WordPress, which I am using to write this, allows me to efficiently publish my ramblings for you to read.

The same is true for Drupal, SilverStripe and  <insert name of platform you use>. Saas platforms do likewise for services – they allow the service to be provisioned and used by the consumer.

So, every platform has to meet the needs of two customers, the internal user and the consumer, and allow them to connect in a way that allows the business to fulfil its mission.

The Internal User

The platform must allow staff (writer, administrator, whatever) to reach a state of flow in their work. The tool should provide what only what the provider needs, at the time it is needed. Staff should ideally not be aware of the tool as they use it. It should not get in their way.

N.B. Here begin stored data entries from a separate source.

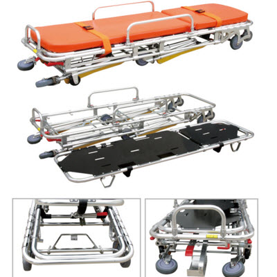 采用高质铝合金材料,用海绵软垫,使伤病员躺卧舒适,折腿机械结构,通过左右手柄控制。仅需一名救护人员把病人推上救护车。固定支架与救护车相固定,担架通过滑道上车后可锁定。担架可分离,可以快速抢救病人。
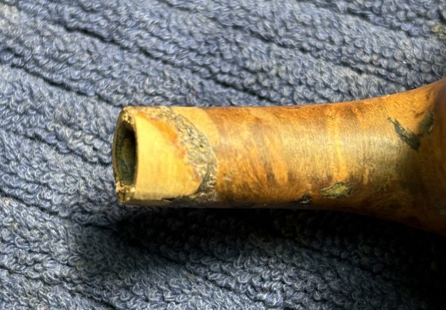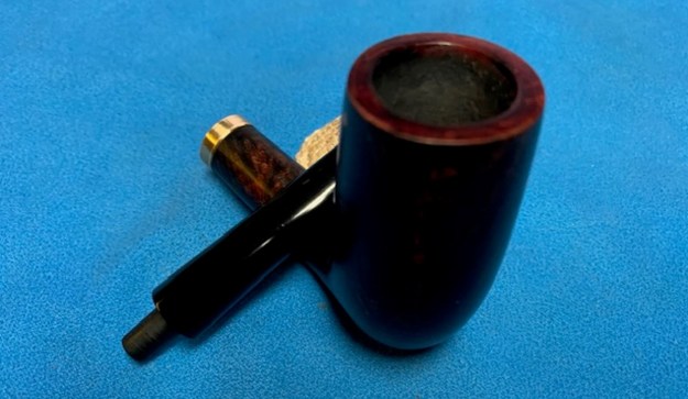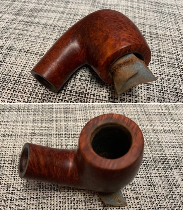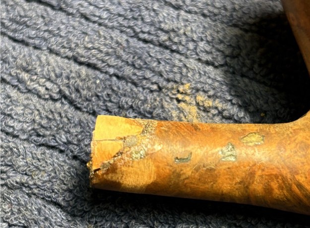 You can see what the problem is. My guess is that the shank was broken when the stem was removed from it at an inopportune moment. The tenon on the stem is an odd metal thing, which I suspect might be a replacement. The tenon and mortise certainly don’t fit together very well. Regardless, the tenon needs to be repaired in a manner that is both structurally sound and aesthetically pleasing.
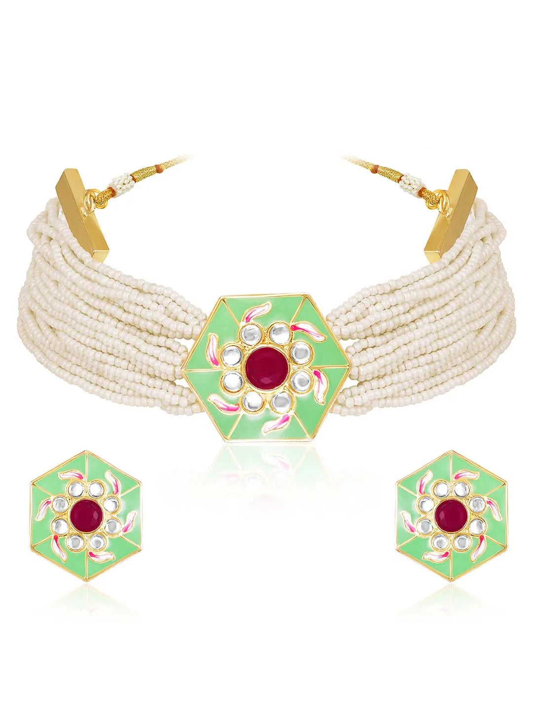 Dimensions: Necklace Length: 20.4 cm x Width: 2.7 cm; Earrings Length: 1.8 cm x Width: 1.3 cm; Weight: 37.56 grams
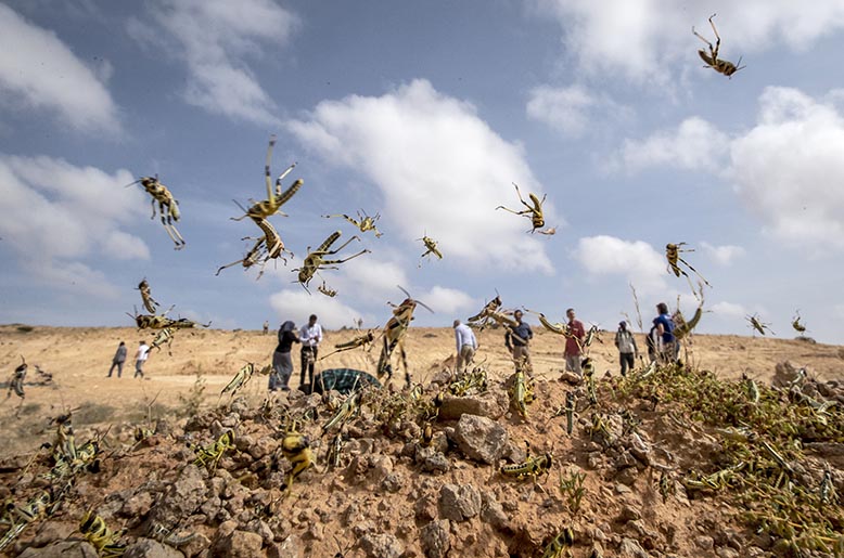 Under 2020 har flera länder i Östafrika lidit av en massiv invasion av vandringsgräshoppor som har potentialen att förgöra miljontals liv. Enligt FN:s livsmedels- och jordbruksorganisation FAO är det Kenyas värsta invasion på 70 år. Somalia som också är drabbat kan inte bekämpa invasionen med bekämpningsmedel eftersom det råder undantagstillstånd på grund av säkerhetsläget. När skördarna förstörs uppstår flyktingströmmar och länder som Uganda och Kenya, vilka redan hyser bland världens största flyktingbefolkningar, riskerar att bli ännu mer överbelastade.

Toolbars? Don’t give people 75 options, or five ways to do the same thing. Give only the relevant options as they are needed, and make one way to do one thing. It is less confusing, and training is simplified. Design hotkeys into the system. Mousing is bad for flow.

 

The Consumers

What is the job to be done by your product or service? The consumer experience must be designed with this in mind.

The Platform

Is the conduit between staff and consumers. Design principles apply on both sides to ensure a connection. Too often the focus is on getting the consumer-side right – beautiful design and great user experience – but the poor staff are left to struggle with tools that don’t work well, and don’t allow them to meet the consumers’ needs.

The challenge is to provide something that is great for both while also facilitating innovation and continual improvement. Nothing stands still, but too frequently systems are left to languish, and staff struggle with tools that no longer align with what they need to deliver to consumers.

Too often resources are so focussed on the consumer that staff can barely do the work required of them with workarounds.

The solution is careful selection of your platform. Off-the-shelf is rarely so. Customisation is rife. Bespoke systems are often captured by vendors. Be informed, collect data, talk to people, measure, evaluate. Then act. And be ready to evolve and change what you do as your customers and the supporting business processes change.

2 thoughts on “Your CMS has TWO customers

  1. This made me think about the weirdness of the current WordPress.com user interface. There’s a dumbed-down, somewhat restrictive ‘new’ style way of doing things alongside the old WP Admin that offers far more flexibility and depth.

    It reminds me of Microsoft’s first take on Windows 8 where you switched between two different interfaces.

    The new approach is closer to the ideal you mention, but it misses many of the features that makes WordPress so powerful. Frankly, if WP dropped WP Admin, I’d have to move to a different blogging service.

    Liked by 2 people

    1. I know WP has been pushing to simplify things, and as a power user I found some of the ‘lost’ things annoying too. I think the key is layer the functionality in such as way so as the common stuff is fast and simple for everyone, but the more complex stuff is only a click or hotkey away, and access to this deeper layer still allows flow. Having written UIs that get used by basic users, intermediate users, and advanced (admins), along with the public-facing side, it is not easy to execute. The power users want it all, the basic users want none of it.